Plesiosaur ambush hunting is not a new idea, and was suggested as far back as the early 1900's. However, the limited range of motion in plesiosaur necks that is now known indicates that another feeding strategy may have been used. Called benthic grazing, plesiosaurs would have angled their necks down and swept along the seafloor, using their long teeth as rakes or sieves in the sediment. Noe et al. (2017) is the most recent study on plesiosaur neck mobility and supports the benthic grazing model. Also read Zammit et al. (2008), which actually has data from the eastern long-necked turtle and demonstrates that flexion angles are far less in plesiosaurs than in the turtle. This is mostly due to a much higher number of cervical vertebrae in plesiosaurs. In short, the eastern long-necked turtle is a poor analogue for plesiosaurs.

7 hours ago, Reilly. said:

But if we follow your logic, the Iguanodon would still look like this...

Iguanodon.jpg

Everyone was pretty happy with how that looked too for decades.

But of course, what we know now about everything is always the pinnacle of knowledge and understanding. There is no margin for era or new discoveries. I was foolish to question the status quo. Silly me.

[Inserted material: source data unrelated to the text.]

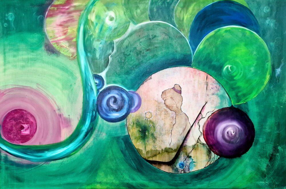 „Atmende Dame“ zeigt eine Welt, die sich gerade neu sortiert, nicht laut, sondern wie unter Wasser. Die schwebenden Kreise erinnern an überfüllte ökologische, soziale und digitale Systeme, die sich unaufhörlich drehen. Die zentrale Figur ist kaum definiert, als würde sie sich aus den Strukturen der Gegenwart erst herauslösen wollen, wie ein Bewusstsein, das zwischen Anpassung und Aufbruch hängt. Sie atmet nicht einfach, sie stemmt sich gegen den Druck der Zeit. Ein visuelles Atemholen, leise, aber enorm widerständig.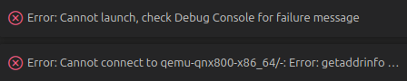 Error: Cannot connect to qemu-qnx800-x86_64/-: Error: getaddrinfo EBUSY -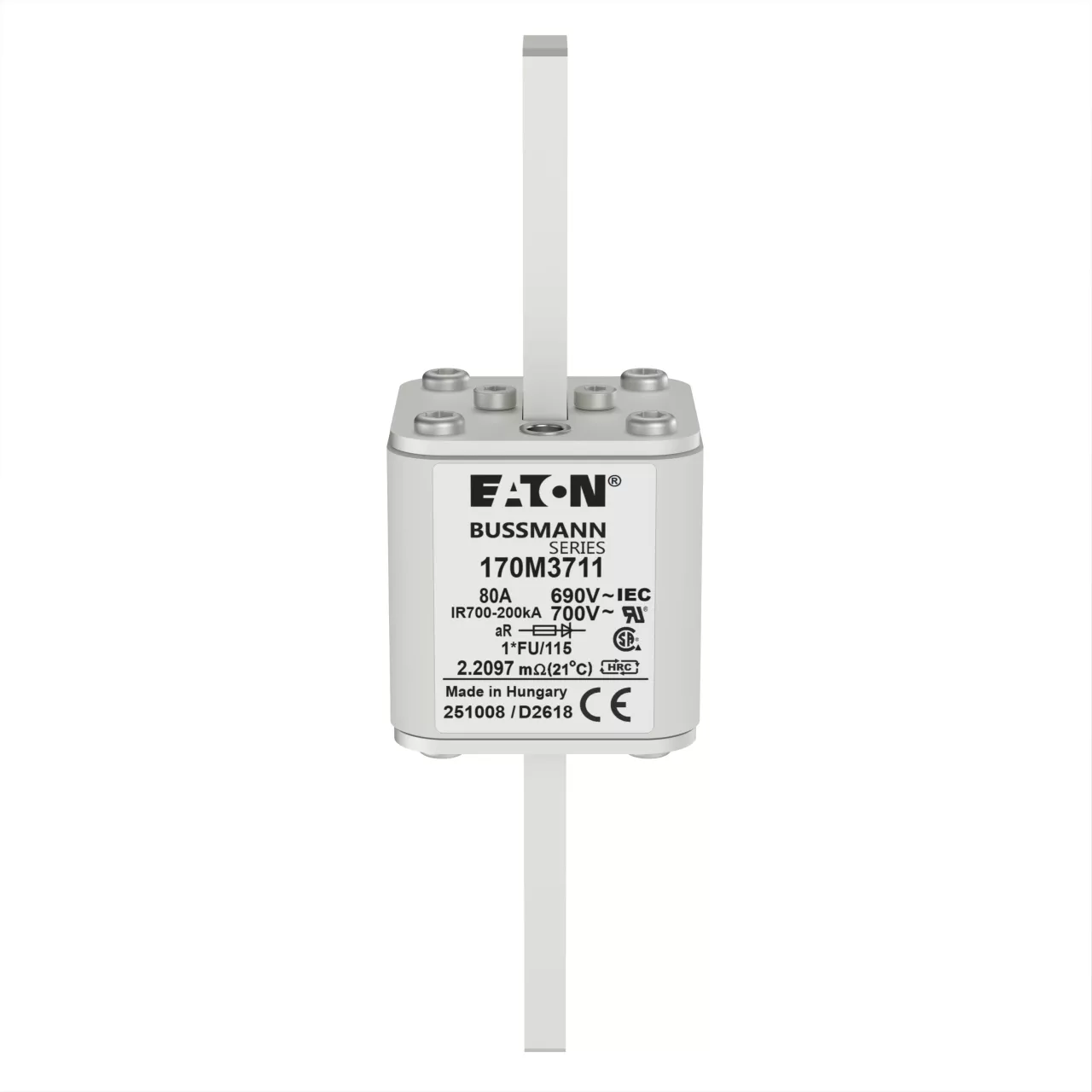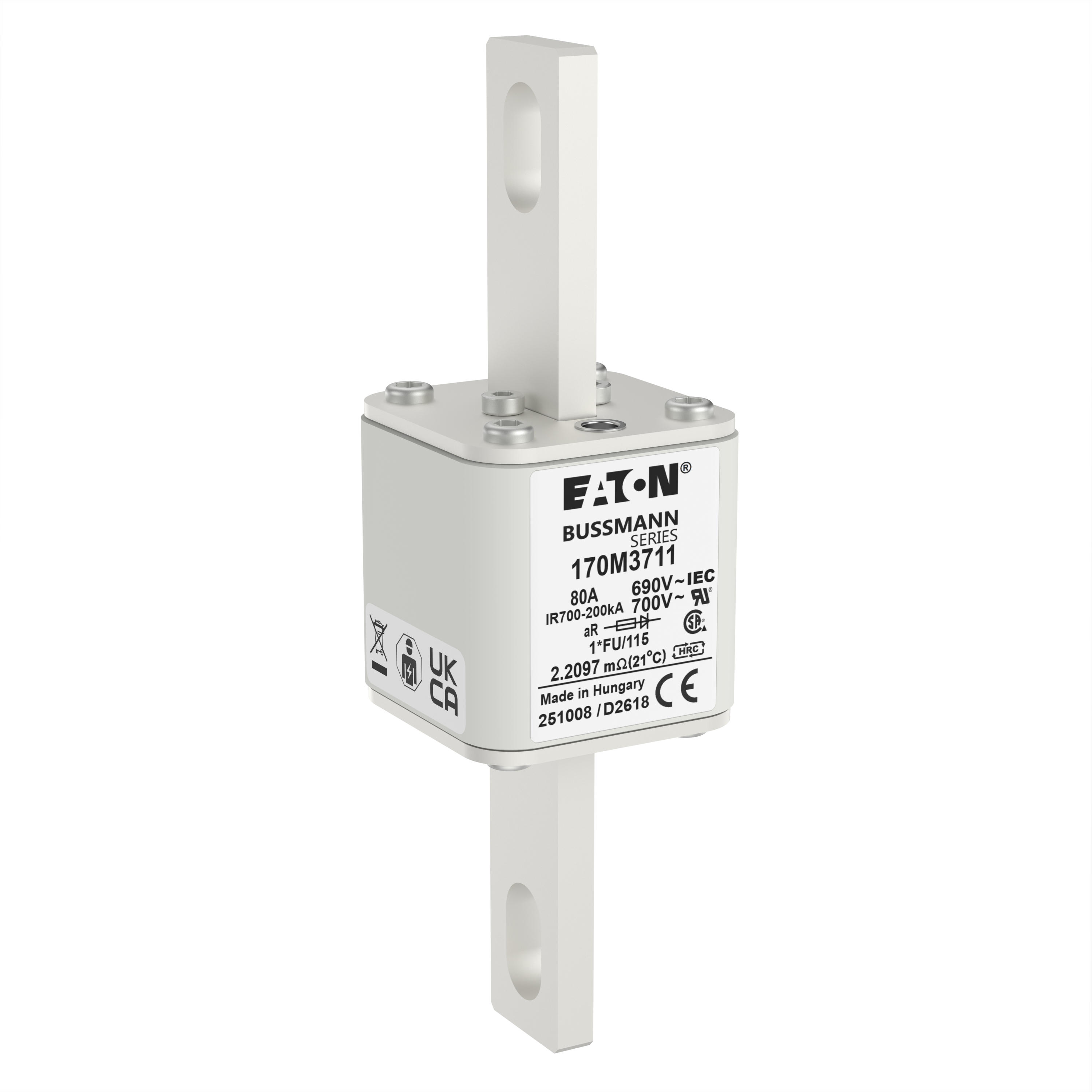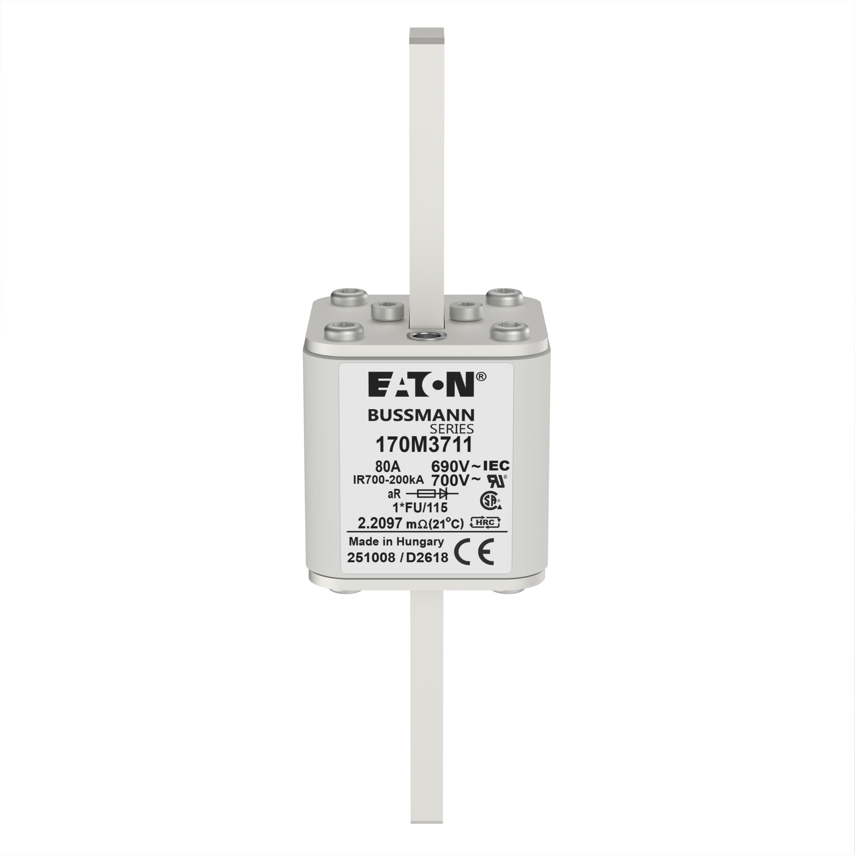 170M3711 Wkładka szybka, 80 A, AC 690 V, compact size 1, 45 x 45 x 148 mm, aR, IEC, UL

Iguanodon was one of the first dinosaurs discovered, and was known only from fragmentary material. At this time there was practically no other fossil material to compare it to, so it is understandable that the likes of Mantell, Owen, and Hawkins got the earliest reconstruction so wrong. Since then there have been numerous more discoveries of Iguanodon, including the famous complete skeletons found Bernissart mine in the 1870's. Try to compare what we know about plesiosaurs today to what we knew about Iguanodon in the 1850's is preposterous; it's comparing literally thousands of known specimens, many complete, to a single fragmentary specimen.